## WHAT THE TASK REQUIRES:
An exact transcription of every record below is required, with the pictures left out.

Collected data entries
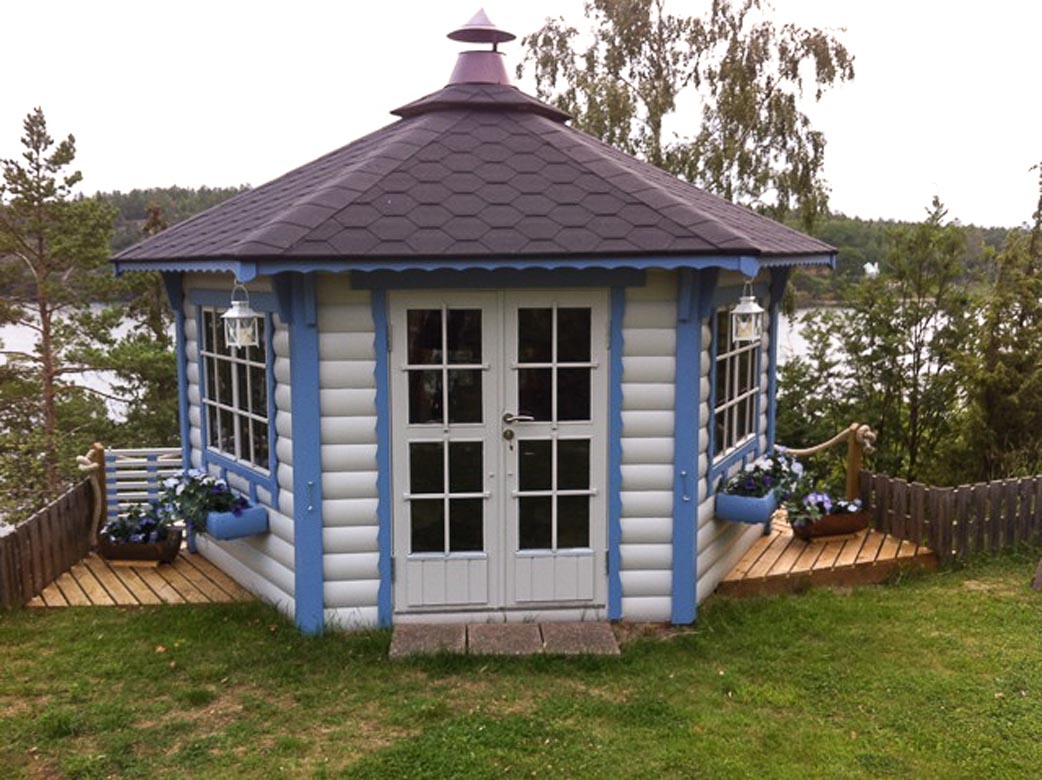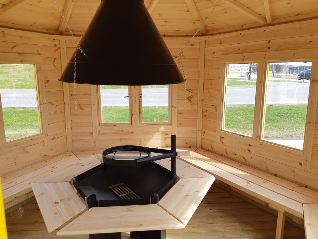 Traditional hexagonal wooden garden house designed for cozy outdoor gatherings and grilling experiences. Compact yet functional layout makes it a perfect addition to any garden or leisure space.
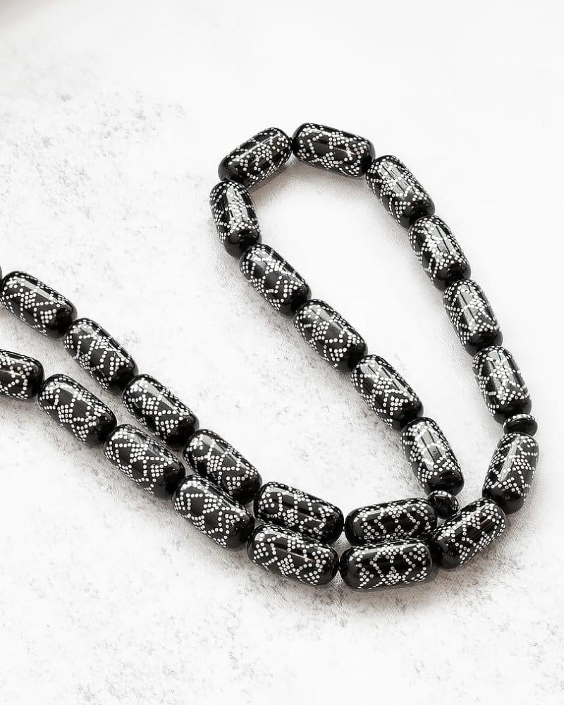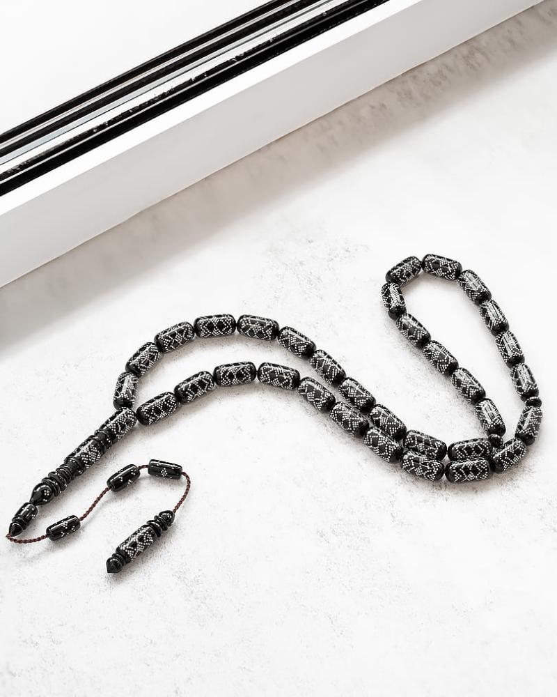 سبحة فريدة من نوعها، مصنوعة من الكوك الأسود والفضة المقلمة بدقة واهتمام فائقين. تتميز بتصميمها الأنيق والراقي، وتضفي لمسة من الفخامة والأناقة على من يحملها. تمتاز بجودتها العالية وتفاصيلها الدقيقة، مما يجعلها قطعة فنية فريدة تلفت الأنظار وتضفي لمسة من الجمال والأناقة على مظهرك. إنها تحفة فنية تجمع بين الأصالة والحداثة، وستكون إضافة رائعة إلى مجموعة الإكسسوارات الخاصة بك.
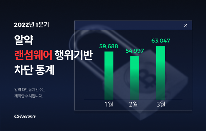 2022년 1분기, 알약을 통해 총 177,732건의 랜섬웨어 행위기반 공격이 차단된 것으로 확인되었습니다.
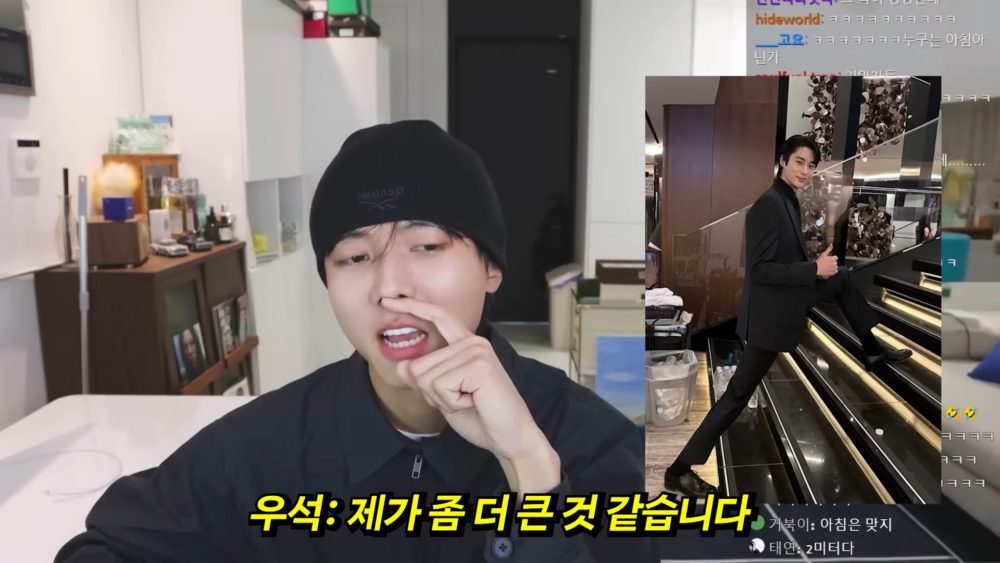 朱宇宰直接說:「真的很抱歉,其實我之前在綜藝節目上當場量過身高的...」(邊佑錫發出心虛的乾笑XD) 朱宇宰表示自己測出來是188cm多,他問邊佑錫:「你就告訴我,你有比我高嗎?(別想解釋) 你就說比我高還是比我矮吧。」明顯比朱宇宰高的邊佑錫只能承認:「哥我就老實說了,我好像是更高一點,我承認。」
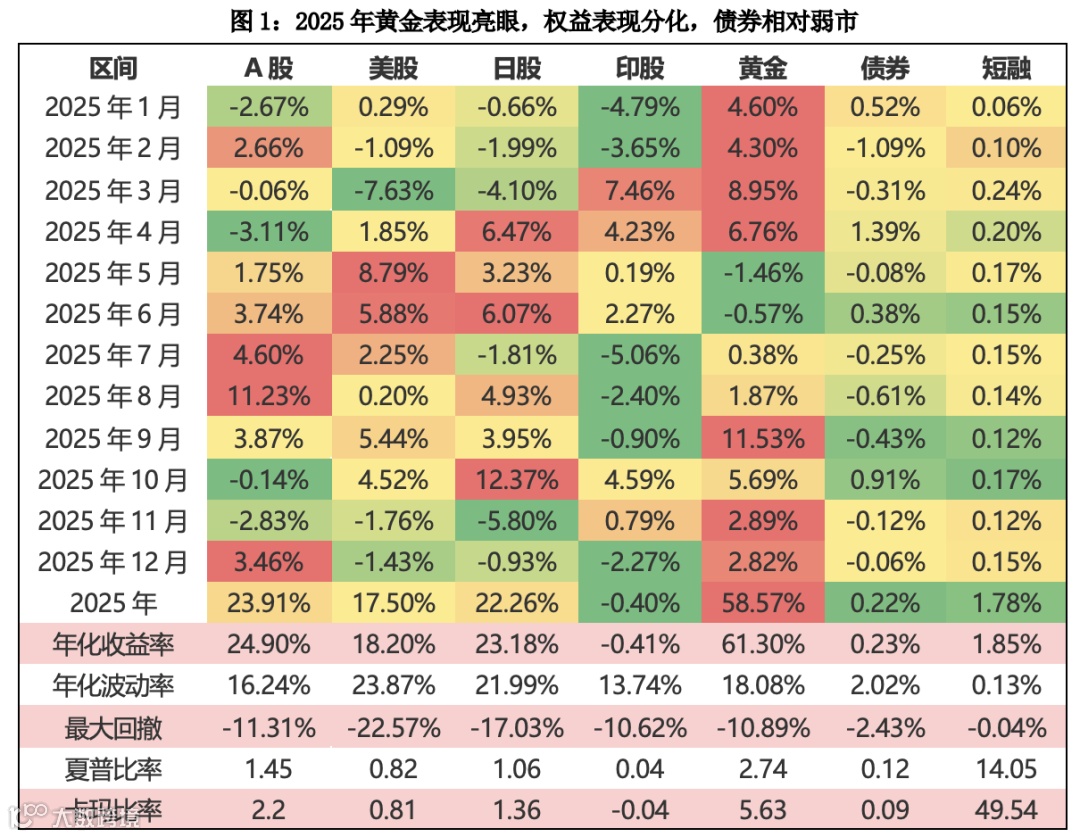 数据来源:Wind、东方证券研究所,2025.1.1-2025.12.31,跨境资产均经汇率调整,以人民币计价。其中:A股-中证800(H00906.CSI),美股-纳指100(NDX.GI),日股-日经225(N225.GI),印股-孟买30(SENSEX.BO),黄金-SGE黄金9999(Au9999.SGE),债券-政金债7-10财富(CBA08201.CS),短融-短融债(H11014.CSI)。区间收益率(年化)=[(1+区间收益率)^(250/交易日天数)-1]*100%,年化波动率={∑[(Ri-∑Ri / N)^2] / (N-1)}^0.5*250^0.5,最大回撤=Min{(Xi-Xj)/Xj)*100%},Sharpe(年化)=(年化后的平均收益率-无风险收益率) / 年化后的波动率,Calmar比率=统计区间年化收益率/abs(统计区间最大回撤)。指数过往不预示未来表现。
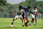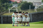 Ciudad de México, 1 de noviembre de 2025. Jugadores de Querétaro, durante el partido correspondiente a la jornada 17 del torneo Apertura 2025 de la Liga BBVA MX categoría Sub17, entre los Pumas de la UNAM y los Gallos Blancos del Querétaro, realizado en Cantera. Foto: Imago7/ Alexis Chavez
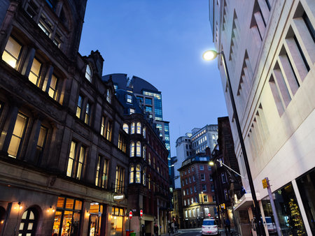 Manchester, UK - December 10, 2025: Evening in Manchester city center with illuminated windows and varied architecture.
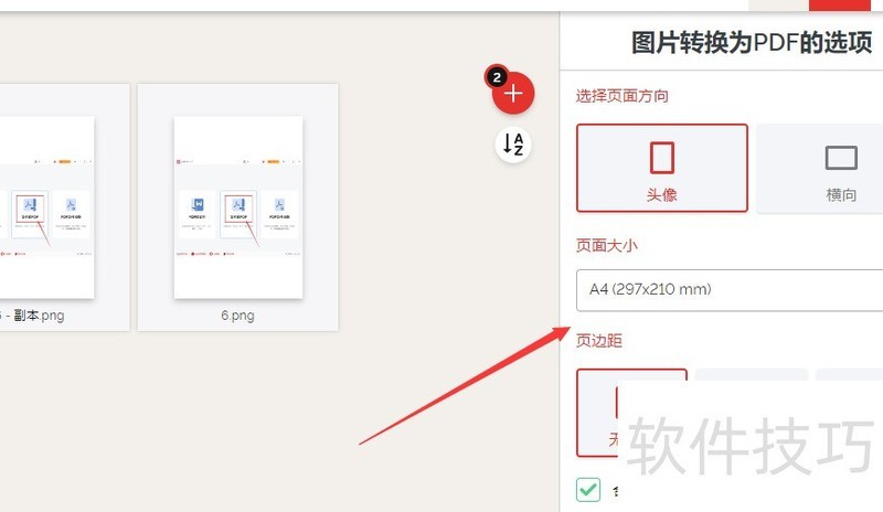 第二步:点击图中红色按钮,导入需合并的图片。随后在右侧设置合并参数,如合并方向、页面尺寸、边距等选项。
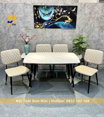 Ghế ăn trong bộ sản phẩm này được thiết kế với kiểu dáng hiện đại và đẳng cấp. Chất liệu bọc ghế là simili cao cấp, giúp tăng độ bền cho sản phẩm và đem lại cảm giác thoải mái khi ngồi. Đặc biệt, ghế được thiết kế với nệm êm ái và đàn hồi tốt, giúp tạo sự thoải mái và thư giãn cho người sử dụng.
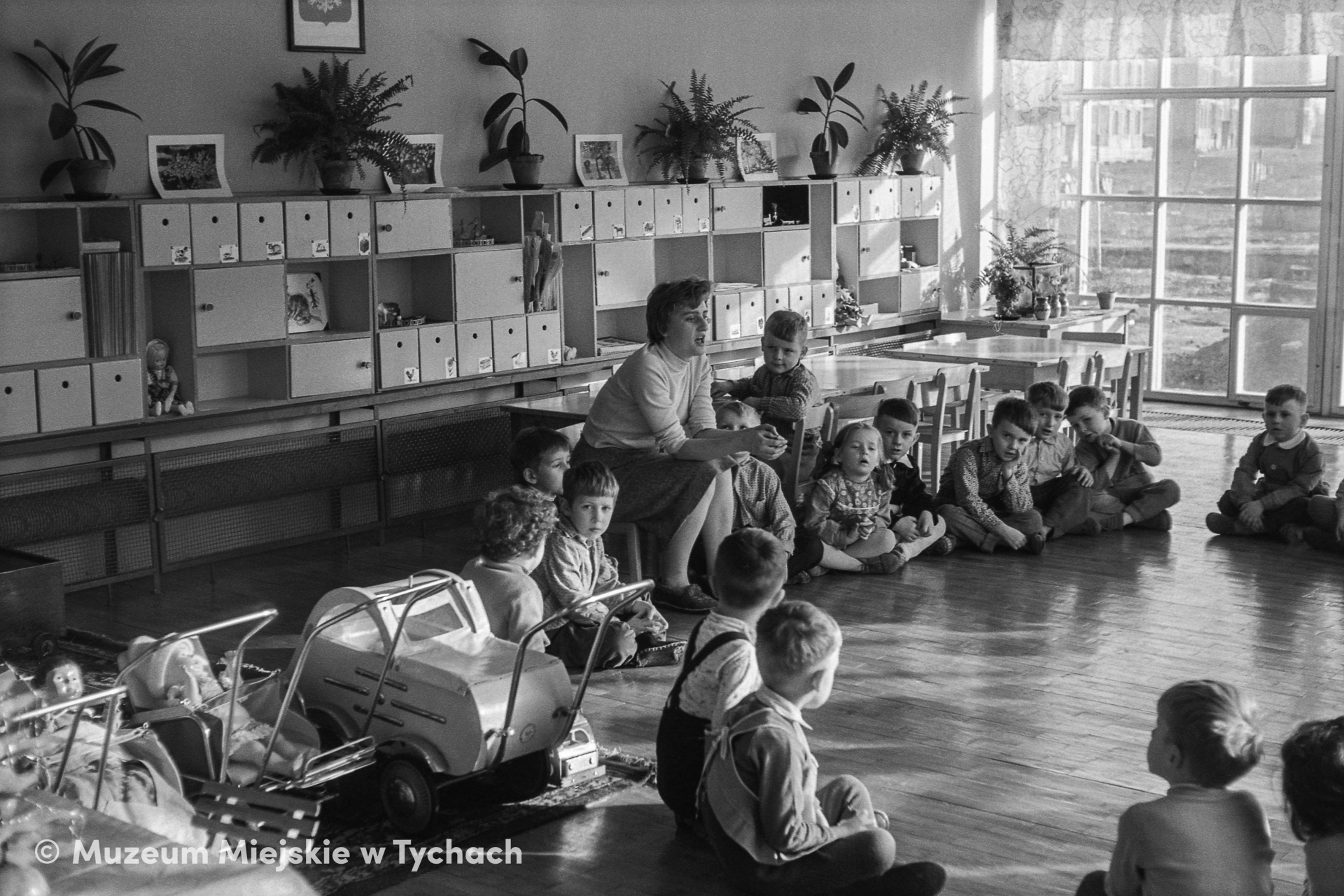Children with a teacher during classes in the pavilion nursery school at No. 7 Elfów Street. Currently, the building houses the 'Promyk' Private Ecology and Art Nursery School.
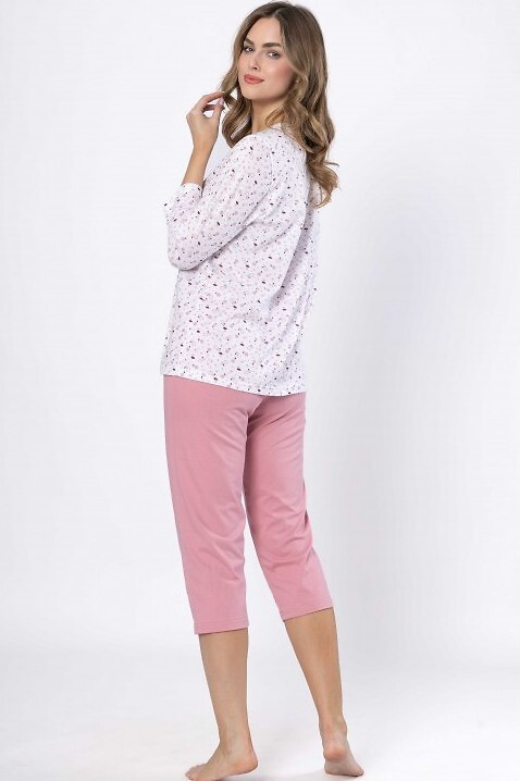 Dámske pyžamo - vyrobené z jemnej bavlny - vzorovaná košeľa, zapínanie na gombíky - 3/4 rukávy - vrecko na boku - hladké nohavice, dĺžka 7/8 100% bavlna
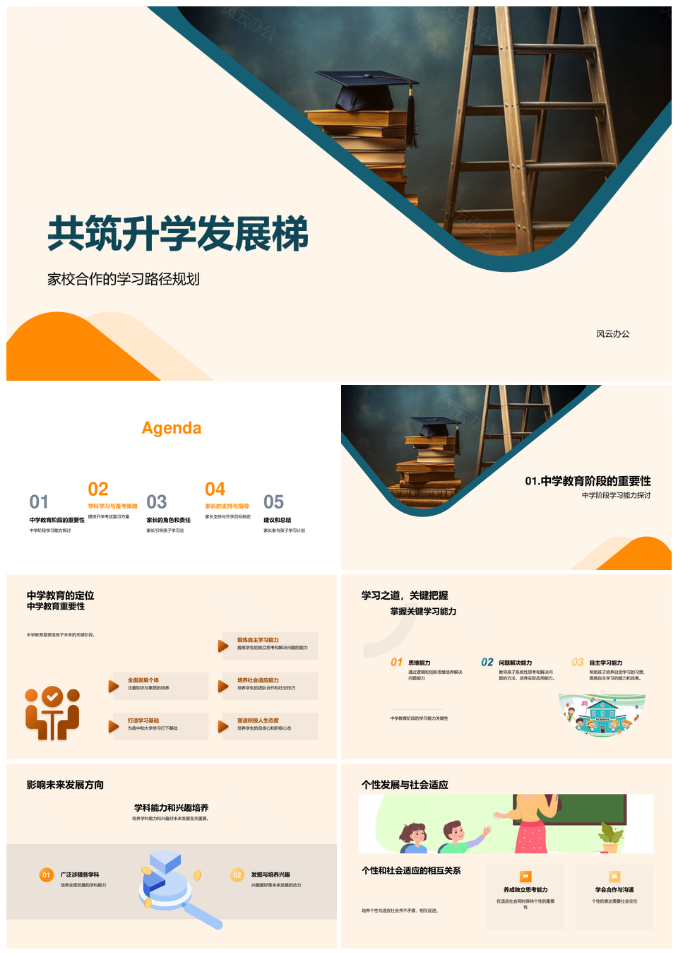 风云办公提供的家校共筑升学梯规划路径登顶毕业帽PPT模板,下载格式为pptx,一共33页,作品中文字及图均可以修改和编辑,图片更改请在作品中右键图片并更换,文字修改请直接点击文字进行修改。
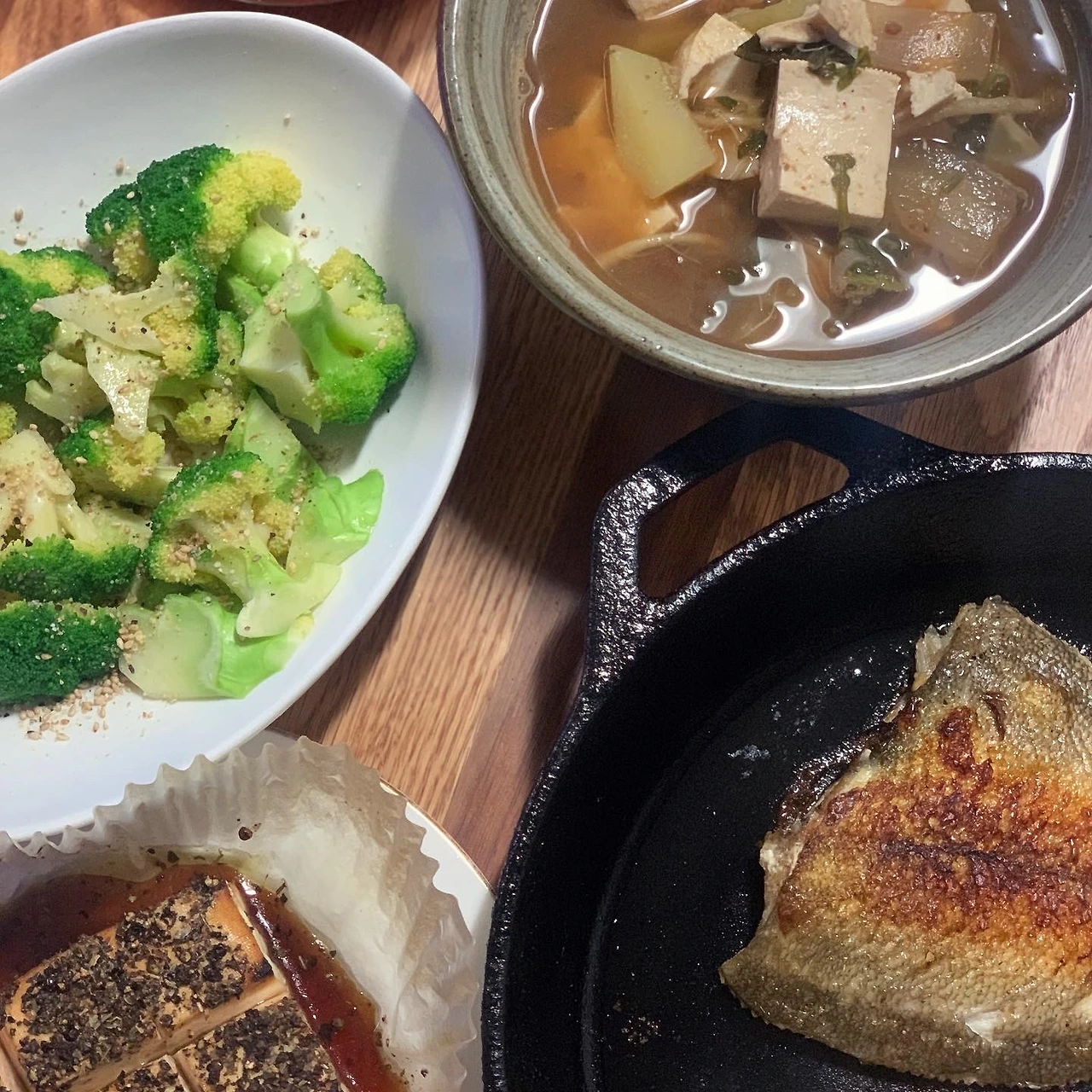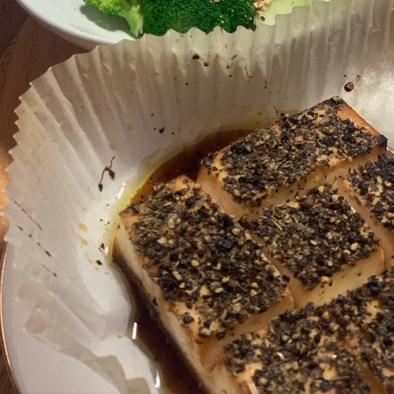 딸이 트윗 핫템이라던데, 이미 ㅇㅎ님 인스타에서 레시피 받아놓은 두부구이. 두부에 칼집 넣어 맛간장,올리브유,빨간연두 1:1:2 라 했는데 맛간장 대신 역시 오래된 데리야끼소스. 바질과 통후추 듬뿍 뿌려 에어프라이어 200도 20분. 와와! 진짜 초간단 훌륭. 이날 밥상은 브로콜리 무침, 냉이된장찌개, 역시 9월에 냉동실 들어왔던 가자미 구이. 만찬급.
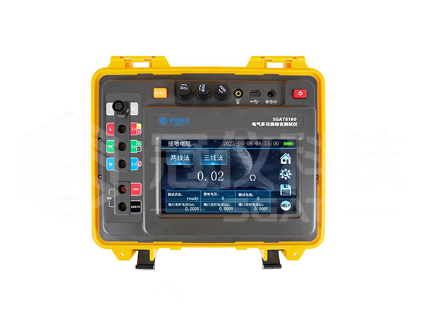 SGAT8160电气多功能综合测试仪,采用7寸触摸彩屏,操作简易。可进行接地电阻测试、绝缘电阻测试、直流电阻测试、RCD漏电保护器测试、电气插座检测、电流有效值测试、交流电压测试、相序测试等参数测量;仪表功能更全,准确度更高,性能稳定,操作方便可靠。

## ANSWER BOX:
 Traditional hexagonal wooden garden house designed for cozy outdoor gatherings and grilling experiences. Compact yet functional layout makes it a perfect addition to any garden or leisure space.
 سبحة فريدة من نوعها، مصنوعة من الكوك الأسود والفضة المقلمة بدقة واهتمام فائقين. تتميز بتصميمها الأنيق والراقي، وتضفي لمسة من الفخامة والأناقة على من يحملها. تمتاز بجودتها العالية وتفاصيلها الدقيقة، مما يجعلها قطعة فنية فريدة تلفت الأنظار وتضفي لمسة من الجمال والأناقة على مظهرك. إنها تحفة فنية تجمع بين الأصالة والحداثة، وستكون إضافة رائعة إلى مجموعة الإكسسوارات الخاصة بك.
 2022년 1분기, 알약을 통해 총 177,732건의 랜섬웨어 행위기반 공격이 차단된 것으로 확인되었습니다.
 朱宇宰直接說:「真的很抱歉,其實我之前在綜藝節目上當場量過身高的...」(邊佑錫發出心虛的乾笑XD) 朱宇宰表示自己測出來是188cm多,他問邊佑錫:「你就告訴我,你有比我高嗎?(別想解釋) 你就說比我高還是比我矮吧。」明顯比朱宇宰高的邊佑錫只能承認:「哥我就老實說了,我好像是更高一點,我承認。」
 数据来源:Wind、东方证券研究所,2025.1.1-2025.12.31,跨境资产均经汇率调整,以人民币计价。其中:A股-中证800(H00906.CSI),美股-纳指100(NDX.GI),日股-日经225(N225.GI),印股-孟买30(SENSEX.BO),黄金-SGE黄金9999(Au9999.SGE),债券-政金债7-10财富(CBA08201.CS),短融-短融债(H11014.CSI)。区间收益率(年化)=[(1+区间收益率)^(250/交易日天数)-1]*100%,年化波动率={∑[(Ri-∑Ri / N)^2] / (N-1)}^0.5*250^0.5,最大回撤=Min{(Xi-Xj)/Xj)*100%},Sharpe(年化)=(年化后的平均收益率-无风险收益率) / 年化后的波动率,Calmar比率=统计区间年化收益率/abs(统计区间最大回撤)。指数过往不预示未来表现。
 Ciudad de México, 1 de noviembre de 2025. Jugadores de Querétaro, durante el partido correspondiente a la jornada 17 del torneo Apertura 2025 de la Liga BBVA MX categoría Sub17, entre los Pumas de la UNAM y los Gallos Blancos del Querétaro, realizado en Cantera. Foto: Imago7/ Alexis Chavez
 Manchester, UK - December 10, 2025: Evening in Manchester city center with illuminated windows and varied architecture.
 第二步:点击图中红色按钮,导入需合并的图片。随后在右侧设置合并参数,如合并方向、页面尺寸、边距等选项。
 Ghế ăn trong bộ sản phẩm này được thiết kế với kiểu dáng hiện đại và đẳng cấp. Chất liệu bọc ghế là simili cao cấp, giúp tăng độ bền cho sản phẩm và đem lại cảm giác thoải mái khi ngồi. Đặc biệt, ghế được thiết kế với nệm êm ái và đàn hồi tốt, giúp tạo sự thoải mái và thư giãn cho người sử dụng.
Children with a teacher during classes in the pavilion nursery school at No. 7 Elfów Street. Currently, the building houses the 'Promyk' Private Ecology and Art Nursery School.
 Dámske pyžamo - vyrobené z jemnej bavlny - vzorovaná košeľa, zapínanie na gombíky - 3/4 rukávy - vrecko na boku - hladké nohavice, dĺžka 7/8 100% bavlna
 风云办公提供的家校共筑升学梯规划路径登顶毕业帽PPT模板,下载格式为pptx,一共33页,作品中文字及图均可以修改和编辑,图片更改请在作品中右键图片并更换,文字修改请直接点击文字进行修改。
 딸이 트윗 핫템이라던데, 이미 ㅇㅎ님 인스타에서 레시피 받아놓은 두부구이. 두부에 칼집 넣어 맛간장,올리브유,빨간연두 1:1:2 라 했는데 맛간장 대신 역시 오래된 데리야끼소스. 바질과 통후추 듬뿍 뿌려 에어프라이어 200도 20분. 와와! 진짜 초간단 훌륭. 이날 밥상은 브로콜리 무침, 냉이된장찌개, 역시 9월에 냉동실 들어왔던 가자미 구이. 만찬급.
 SGAT8160电气多功能综合测试仪,采用7寸触摸彩屏,操作简易。可进行接地电阻测试、绝缘电阻测试、直流电阻测试、RCD漏电保护器测试、电气插座检测、电流有效值测试、交流电压测试、相序测试等参数测量;仪表功能更全,准确度更高,性能稳定,操作方便可靠。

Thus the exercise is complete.